Фиртич ходил по комнате широким шагом, неизменно поворачивая лицо в сторону громоздкой фигуры Лисовского. Ходил ловко, не задевая старой, прочной, словно из камня, мебели — стульев с высокими гнутыми спинками, черного кресла, буфета, похожего на рыцарский замок... Фиртич приехал сюда в расстроенных чувствах. Но сейчас им все больше овладевало сознание правоты, сознание того, что днем, в кабинете Рудиной, его приказ был не безотчетным актом мести, а верным и даже продуманным решением. Его мозг был нацелен на достижение главного. И поэтому все, каждый его порыв подсознательно был подчинен этой цели.
Увлекшись, Фиртич не заметил, как в комнату вошла старая Ванда. Сухонькая, маленькая, она прикрыла за собой дверь и наблюдала за незнакомым мужчиной, который кружил вокруг необычно тихого ее сына.
- Цто за бегун к тебе прибеэал, Миська? — осторожно спросила Ванда.
Фиртич обернулся. И улыбнулся. Эта маленькая старушка неизменно вызывала улыбку у всех, кто ее видел впервые. В сером тонком свитере, в стоптанных шлепанцах, с жиденькой серебряной косицей.
- Начальник мой. Директор, — ответил Лисовский.
Ванда стрельнула в Фиртича дробью мелких глаз. И пренебрежительно цокнула языком. Вероятно, в ее представлении начальником Михаила должен быть человек толще и выше. Во всяком случае, не такой тип в потертых домашних джинсах...
- Молодой слиском. Небось выдвизенец.
- Выдвиженцы были раньше, мама. — Лисовский шмыгнул носом. — Теперь назначенцы.
- Это луцсе или хузе?
- Удобней. Команду не спутают.
Фиртич усмехнулся. И Ванда почувствовала, что незнакомого мужчину и ее сына связывают особые отношения. Если человек счел допустимым явиться к Михаилу в таком виде, словно он приходит в этот дом каждый день на правах близкого родственника... Похоже, они не очень любят друг друга, но при этом гость — один из немногих людей, которых ее сын уважает.
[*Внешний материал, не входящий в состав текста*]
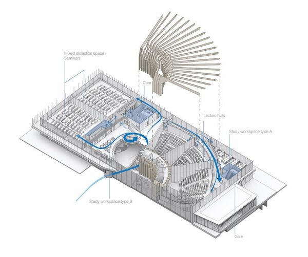 該建筑占地8844平方米,由教學空間組成,包括演講室、教室和各種學習空間,可容納約1700名學生。大多數空間提供了靈活的布局。例如,位于一樓的最大的演講室可以容納700人,在不到20分鐘的時間內可以輕松地分成三個獨立的房間。這促進了多個講座或活動的同時進行,并實現了空間的最大規劃。各種教學室都是根據講師和學生當前和未來的需要而設計的。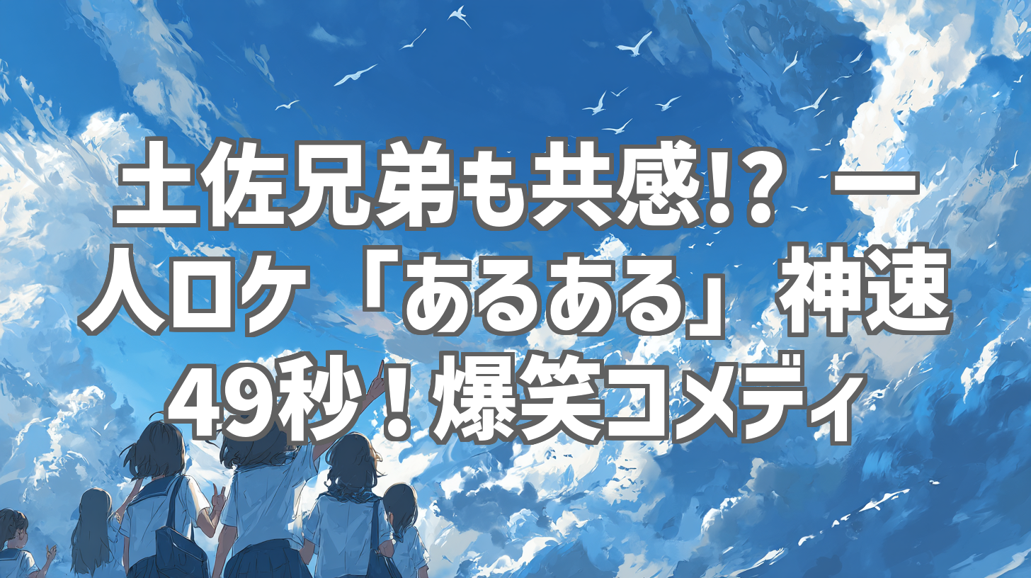土佐兄弟の「一人ロケがやりやすい瞬間」は、一人ロケ経験者なら絶対に共感できる、爆笑必至のショートコメディです。たった49秒の中に、一人ロケの苦労や喜びが凝縮されており、見終わった後は、きっと誰かと語り合いたくなるはず。まだ見ていない方は、ぜひ一度チェックしてみてください!そして、共感したら、ぜひコメントで教えてくださいね!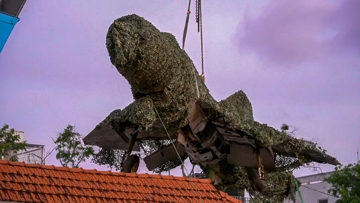 Chiếc tiêm kích được cẩu ngang cổng khu nhà ở công vụ cao khoảng 5m để lên xe chuyên dụng chở đi - Ảnh: THANH HUYỀN
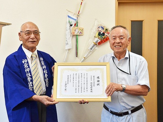 新宮市熊野川町東敷屋の株式会社河崎砂利から神倉神社への砂利の奉納に対する、神倉神社奉賛会の感謝状の贈呈式が22日、同社であった。同会から猪飼三雄会長など4人が訪れ、河崎禮造代表取締役に感謝状を手渡した。 ... 続きを読む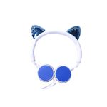 AUDIFONOS STEREO GATO LENTEJUELA AZUL CON MICROFONO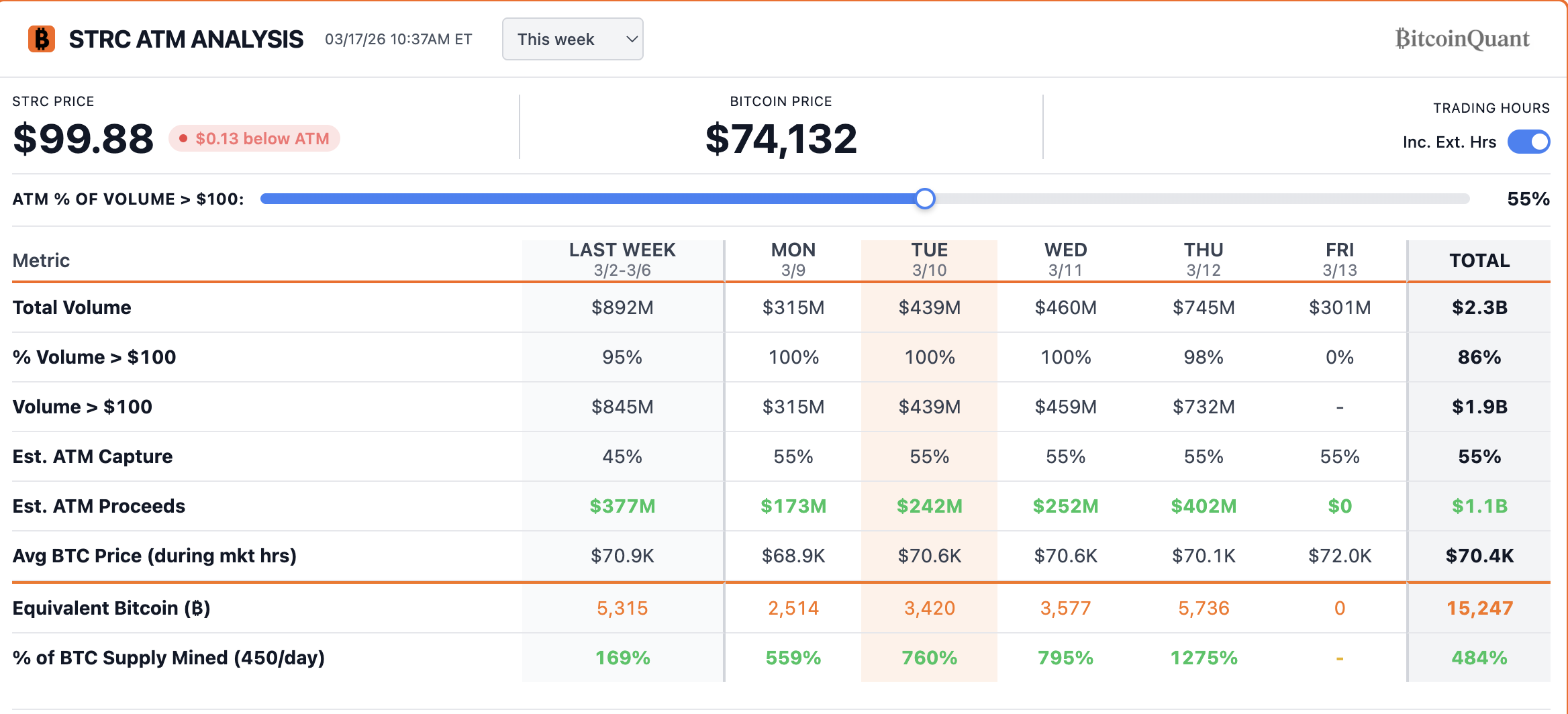 STRC 市价发行分析图。来源:BitcoinQuant.CO
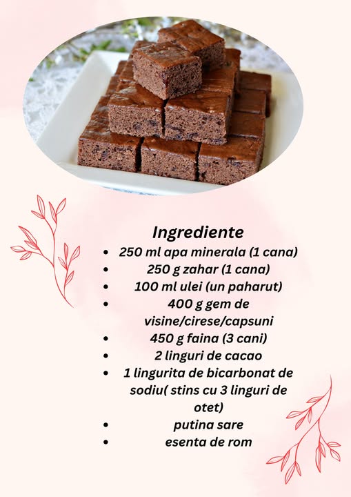 Pont: Folosirea gemului de prune sau de vișine (mai acrișor) ajută la obținerea unui blat mai fraged și completează excelent gustul de cacao. Apa minerală asigură o textură mai pufoasă și aerată.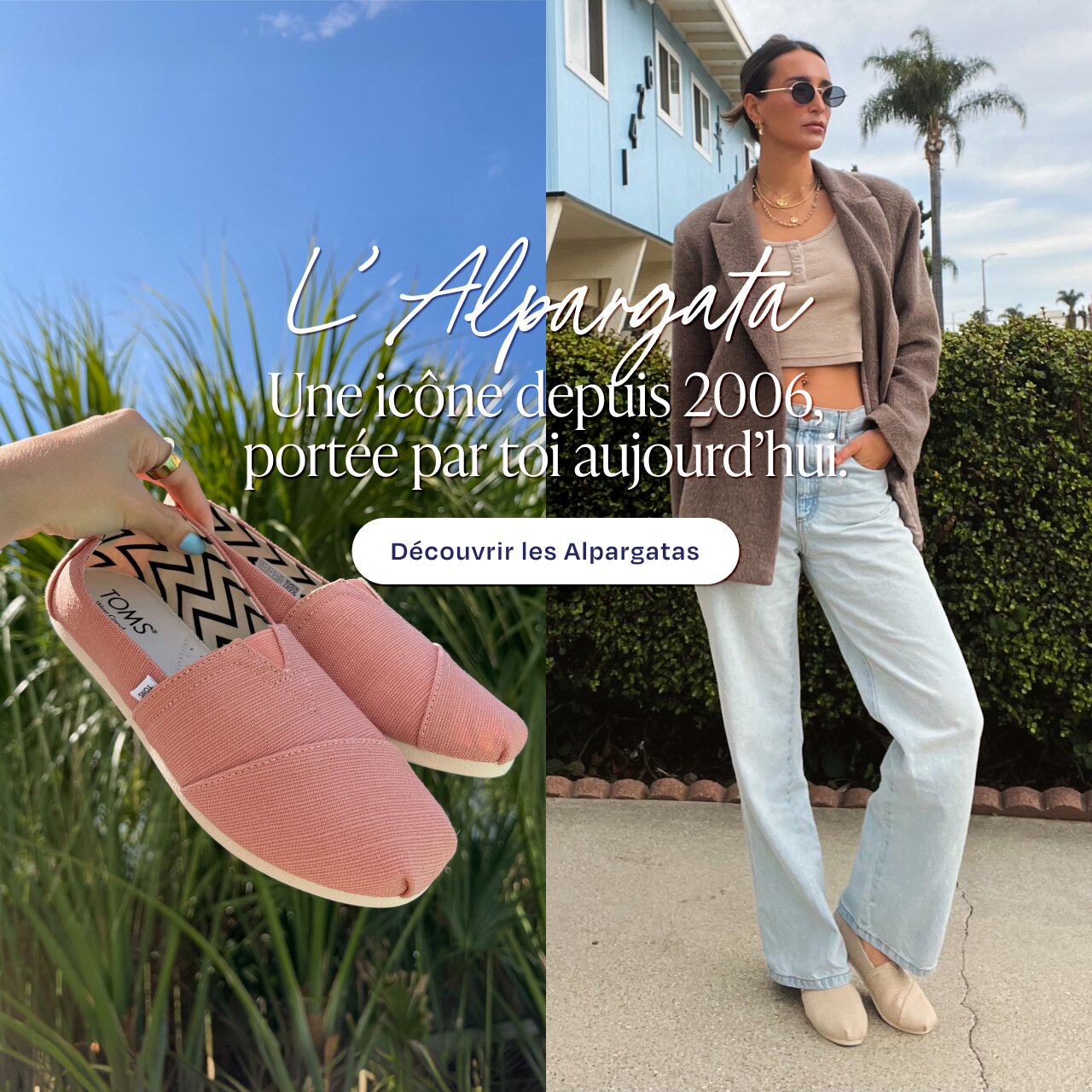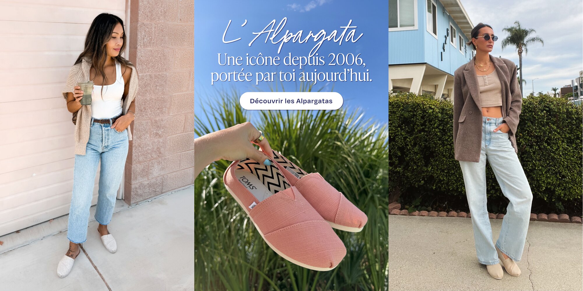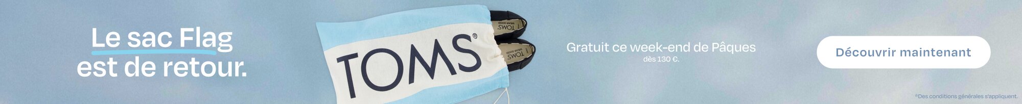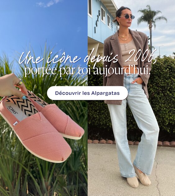 Avec TOMS, trouve l'équilibre parfait entre confort et style. Explore nos nouveautés pour hommes, femmes et enfants. TOMS, des pantoufles aux bottes : il y en a pour tous les styles. Nos Alpargatas classiques, confortables et antidérapantes. Un essentiel, quoi qu’il arrive.

Или боится... Эта мысль пронзила Ванду новизной. Боится? Ее Михаил? Которому сам черт не страшен?! За долгую жизнь своего младшенького Ванда не раз в этом убеждалась... Она смотрела на широкоскулое, с плоским тяжелым носом лицо сына. И Михаил казался сейчас ей таким же несчастным, каким был средний, Дмитрий, безвольный, потерявший себя в этой жизни. Неужели и Михаила скрутили, неужели и он покорился чьей-то воле, каким-то обстоятельствам? И только хорохорится. А выйдет на пенсию — и проявится у него тоска безудержная... Или он просто скручен сейчас наподобие пружины. Еще немного — и он распрямится, станет привычным Михаилом, острословом и скептиком, каким она его знала.
- А цто, он узе уходит? — спросила Ванда, глядя на сына.
- Да, да, — заторопился Фиртич. — Пора мне. Час сижу.
- Замёлз небось в штанах-то дылявых, — заметила старушенция с подковыркой. — Нацальник... Ох и нацальник.
Фиртич потянул носом. Он уловил в настроении старой Ванды нарастающее раздражение. И не понимал, чем оно вызвано. Неужели и вправду его видом?.. Лисовского смутила бесцеремонность матери. Он смотрел на нее с укором, зная, что любое его замечание вызовет волну раздражения.
- Так я пойду, Михаил Януарьевич, — быстро проговорил Фиртич. — С утра меня не будет: поеду в банк, на оптовую базу. Индурского отправлю в Ленинград на фарфоровый завод. Надо действовать. Вы уж проследите, чтобы начали работать над актом возврата в адрес Второй обувной. — И добавил с хитрецой: — А может, вы отправитесь в Госбанк? Мы ведь партнеры надежные. Или стыдно?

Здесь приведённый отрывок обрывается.